Cleese claims that all the actors – several of them Tony winners – had strongly advised him to cut the famous Loretta scene. “I have, of course, no intention of doing so,” stated Cleese.
The scene in question features a male character declaring that he wants to be woman named “Loretta,” and wants to have a child. Cleese’s character tells the man that this is a ridiculous claim, while another suggets that they all advocate for his right to childbearing.
This was comedy in 1983.
“I want to be a woman. … It’s my right as a man,” the character claims “I want to have babies… It’s every man’s right to have babies if he wants them.” After Cleese’s protest, the character snaps, “Don’t you oppress me!”
I’m glad he isn’t caving. The scene was alarmingly ahead of its time. In fact, “The Life of Brian” is over 40 years old, but its humor is just as fresh as it was then.

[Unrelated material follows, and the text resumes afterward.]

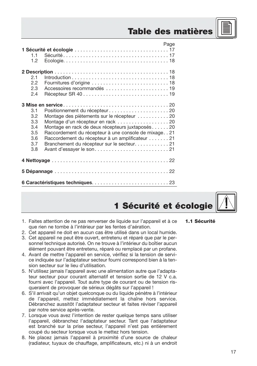 2. Cet appareil ne doit en aucun cas être utilisé dans un local humide. 3. Cet appareil ne peut être ouvert, entretenu et réparé que par le personnel technique autorisé. On ne trouve à l’intérieur du boîtier aucun élément pouvant être entretenu, réparé ou remplacé par un profane. 4. Avant de mettre l’appareil en service, vérifiez si la tension de service indiquée sur l’adaptateur secteur fourni correspond bien à la tension secteur sur le lieu d’utilisation. 5. N’utilisez jamais l’appareil avec une alimentation autre que l’adaptateur secteur pour courant alternatif et tension sortie de 12 V c.a. fourni avec l’appareil. Tout autre type de courant ou de tension risqueraient de provoquer de sérieux dégâts sur l’appareil ! 6. S’il arrivait qu’un objet quelconque ou du liquide pénètre à l’intérieur de l’appareil, mettez immédiatement la chaîne hors service. Débranchez aussitôt l’adaptateur secteur et faites réviser l’appareil par notre service après-vente. 7. Lorsque vous avez l’intention de rester quelque temps sans utiliser l’appareil, débranchez l’adaptateur secteur. Tant que l’adaptateur est branché sur la prise secteur, l’appareil n’est pas entièrement coupé du secteur lorsque vous le mettez hors tension. 8. Ne placez jamais l’appareil à proximité d’une source de chaleur (radiateur, tuyaux de chauffage, amplificateurs, etc.) ni à un endroit

Cinema tends to record things as they were at the moment they were filmed. They are records of history. Moments in time. If you start cutting scenes from ‘Life of Brian’ that might offend today’s sensibilities then you might be left with roughly 30 minutes of material.
I don’t find the scene offensive. Nobody should. The male character who wants the right to be “Loretta” makes his points and the others make their counterpoints. Nobody in that scene seems irrational, unhinged, or even violent.